What is expected » Output every line from the beginning of the records through the line that contains "2.5 Agrocybe aegerita", exactly as it appears.

Stored items
+---+
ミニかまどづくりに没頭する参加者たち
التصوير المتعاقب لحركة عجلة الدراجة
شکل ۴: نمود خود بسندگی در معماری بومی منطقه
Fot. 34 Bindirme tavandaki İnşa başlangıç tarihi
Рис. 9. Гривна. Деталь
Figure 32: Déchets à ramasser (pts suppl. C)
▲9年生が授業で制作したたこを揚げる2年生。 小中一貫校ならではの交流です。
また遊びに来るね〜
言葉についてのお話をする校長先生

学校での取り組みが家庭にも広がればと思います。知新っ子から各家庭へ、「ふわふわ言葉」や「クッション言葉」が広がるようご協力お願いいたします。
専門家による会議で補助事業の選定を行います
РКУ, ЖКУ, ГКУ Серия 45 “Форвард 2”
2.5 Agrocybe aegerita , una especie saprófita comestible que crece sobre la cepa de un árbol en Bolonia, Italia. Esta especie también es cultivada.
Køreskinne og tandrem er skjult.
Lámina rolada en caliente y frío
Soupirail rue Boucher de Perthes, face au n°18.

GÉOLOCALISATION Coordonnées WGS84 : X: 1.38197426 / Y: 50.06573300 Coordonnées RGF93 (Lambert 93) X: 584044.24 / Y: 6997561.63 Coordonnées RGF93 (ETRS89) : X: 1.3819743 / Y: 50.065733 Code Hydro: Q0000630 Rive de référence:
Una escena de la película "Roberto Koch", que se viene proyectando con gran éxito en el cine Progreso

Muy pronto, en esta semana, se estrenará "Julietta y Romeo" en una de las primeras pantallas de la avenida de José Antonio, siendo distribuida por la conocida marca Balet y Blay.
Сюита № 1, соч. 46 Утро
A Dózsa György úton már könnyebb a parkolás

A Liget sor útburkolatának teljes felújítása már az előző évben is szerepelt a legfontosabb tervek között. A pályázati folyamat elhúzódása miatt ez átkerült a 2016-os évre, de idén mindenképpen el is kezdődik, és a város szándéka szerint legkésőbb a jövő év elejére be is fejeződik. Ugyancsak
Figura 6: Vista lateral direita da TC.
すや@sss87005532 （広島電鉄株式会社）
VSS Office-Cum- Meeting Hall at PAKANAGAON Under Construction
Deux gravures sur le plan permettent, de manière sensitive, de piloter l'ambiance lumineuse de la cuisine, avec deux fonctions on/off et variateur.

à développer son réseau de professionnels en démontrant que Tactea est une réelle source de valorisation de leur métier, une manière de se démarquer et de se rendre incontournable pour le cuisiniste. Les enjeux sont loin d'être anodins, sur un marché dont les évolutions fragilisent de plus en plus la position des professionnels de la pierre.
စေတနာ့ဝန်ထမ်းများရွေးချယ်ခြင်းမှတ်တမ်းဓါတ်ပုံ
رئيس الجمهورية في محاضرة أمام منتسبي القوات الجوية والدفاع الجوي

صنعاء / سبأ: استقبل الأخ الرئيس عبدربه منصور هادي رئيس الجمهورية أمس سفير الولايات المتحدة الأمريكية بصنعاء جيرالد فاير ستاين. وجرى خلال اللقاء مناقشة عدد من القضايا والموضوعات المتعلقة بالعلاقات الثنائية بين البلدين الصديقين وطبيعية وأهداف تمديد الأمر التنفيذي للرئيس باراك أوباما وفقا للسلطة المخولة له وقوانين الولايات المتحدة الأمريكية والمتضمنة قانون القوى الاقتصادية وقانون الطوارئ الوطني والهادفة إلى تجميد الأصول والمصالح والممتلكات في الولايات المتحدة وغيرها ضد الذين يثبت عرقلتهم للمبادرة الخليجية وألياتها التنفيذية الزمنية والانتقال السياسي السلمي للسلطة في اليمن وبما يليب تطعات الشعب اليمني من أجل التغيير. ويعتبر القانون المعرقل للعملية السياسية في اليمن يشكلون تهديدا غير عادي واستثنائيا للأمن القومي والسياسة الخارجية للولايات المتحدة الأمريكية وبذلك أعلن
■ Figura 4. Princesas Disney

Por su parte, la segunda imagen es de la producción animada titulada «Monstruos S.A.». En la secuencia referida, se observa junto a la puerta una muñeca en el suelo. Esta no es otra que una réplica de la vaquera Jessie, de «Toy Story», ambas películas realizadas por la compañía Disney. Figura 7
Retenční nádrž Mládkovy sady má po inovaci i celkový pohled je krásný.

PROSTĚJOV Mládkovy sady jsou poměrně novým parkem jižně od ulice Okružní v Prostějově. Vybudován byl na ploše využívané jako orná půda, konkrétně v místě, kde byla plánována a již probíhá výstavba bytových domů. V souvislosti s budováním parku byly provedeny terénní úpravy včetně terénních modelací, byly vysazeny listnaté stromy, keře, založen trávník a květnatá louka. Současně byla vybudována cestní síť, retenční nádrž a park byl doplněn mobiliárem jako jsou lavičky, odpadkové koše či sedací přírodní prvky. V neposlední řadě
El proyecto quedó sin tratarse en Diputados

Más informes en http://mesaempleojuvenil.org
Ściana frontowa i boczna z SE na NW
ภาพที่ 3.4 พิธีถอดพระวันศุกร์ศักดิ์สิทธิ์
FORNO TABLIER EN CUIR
+---+
Your response »
ミニかまどづくりに没頭する参加者たち
التصوير المتعاقب لحركة عجلة الدراجة
شکل ۴: نمود خود بسندگی در معماری بومی منطقه
Fot. 34 Bindirme tavandaki İnşa başlangıç tarihi
Рис. 9. Гривна. Деталь
Figure 32: Déchets à ramasser (pts suppl. C)
▲9年生が授業で制作したたこを揚げる2年生。 小中一貫校ならではの交流です。
また遊びに来るね〜
言葉についてのお話をする校長先生

学校での取り組みが家庭にも広がればと思います。知新っ子から各家庭へ、「ふわふわ言葉」や「クッション言葉」が広がるようご協力お願いいたします。
専門家による会議で補助事業の選定を行います
РКУ, ЖКУ, ГКУ Серия 45 “Форвард 2”
2.5 Agrocybe aegerita , una especie saprófita comestible que crece sobre la cepa de un árbol en Bolonia, Italia. Esta especie también es cultivada.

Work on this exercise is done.